Eos’ second lover was the great hunter Orion, the most handsome of mortals and able to walk on water, which is symbolic of a very advanced seeker who masters the vital but has not yet completed a purification of the depths. The gods, who disapproved of unions between goddesses and mortals – for at the level of the overmind there cannot be a fertilisation of the pure by the impure – did not permit this love to carry on, and Artemis, the goddess of purification, was quick to slay Orion with her arrows. The latter would henceforth carry on with his task of hunting wild beasts in the kingdom of Hades, in the physical body.
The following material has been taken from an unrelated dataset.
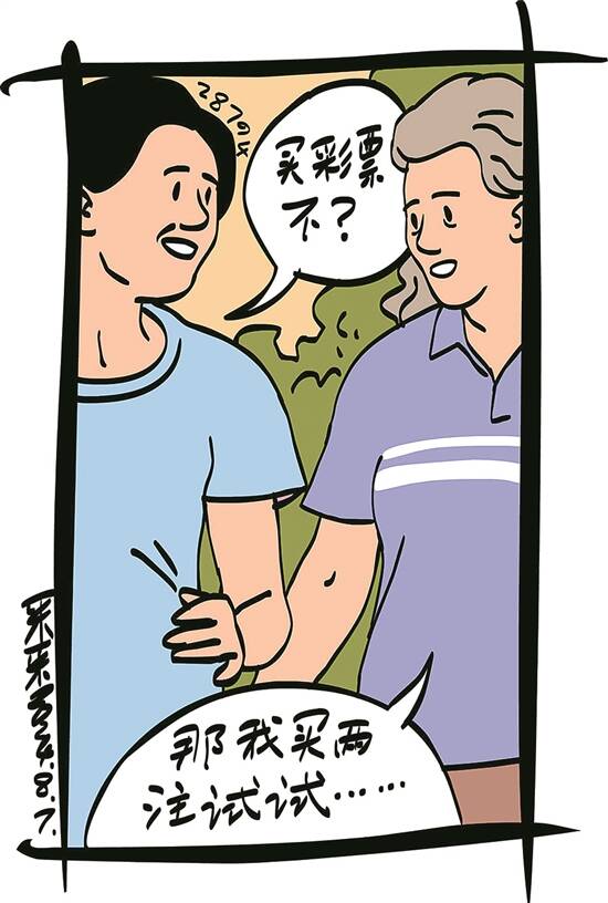 太阳升得老高了,刘姨走在前面,回头望了眼张姨:“买彩票不?”张姨迟疑了一下回答:“那我买两注试试。”两人散步来到小河边,一边做着伸腿之类的简单动作,一边弯下腰来捡拾纸片等。看时间不早,刘姨提议先到投注站把彩票买了,然后到菜市场买菜。张姨一脸疑惑地问:“那我选什么号码呢?”

But Eos’ most famous lover was Tithonus, the son of Laomedon the king of Troy, and therefore the brother of Priam. Eos asked Zeus to grant him immortality, but forgot to ask him to grant him eternal youth as well.
As long as Tithonus remained young they lived happily at the frontiers of the earth, at the shores of the currents of the Ocean.
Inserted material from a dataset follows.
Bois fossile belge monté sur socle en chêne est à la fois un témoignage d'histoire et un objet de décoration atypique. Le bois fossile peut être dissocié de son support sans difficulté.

Eos bore two children, Memnon and Emathion. The first became the king of the Ethiopians, and fought as an ally of the Trojans, and the second was slain by Heracles.
Then as time passed the ravages of age gradually reduced Tithonus into a larva, which Eos shut into a closed room in which he prattles eternally ever since.

Although this legend belongs to the Trojan cycle, we mention it here because it displays great similarities with that of Endymion, the lover of Selene who obtained immortality and eternal youth.
Tithonus was a Trojan hero, and therefore represents quite an advanced realisation in the conquest of the planes of the Spirit, associated with a refusal of transformation of the lower planes. This conforms to his name, (Τ+Θ+Ν), which indicates an evolution (Ν) of inner growth (Θ) on the plane of the spirit (Τ). But it is a realisation which ignores and sometimes even rejects matter.
Homer tells us that often dawn rises from the bed of Tithonus to bring day to gods and mortals, which is to say that the aspiration for what is new is oriented towards the planes of the spirit. What is ‘most advanced’ on the earth lies on the Trojan side, the side of this son of Laomedon, the brother of Priam.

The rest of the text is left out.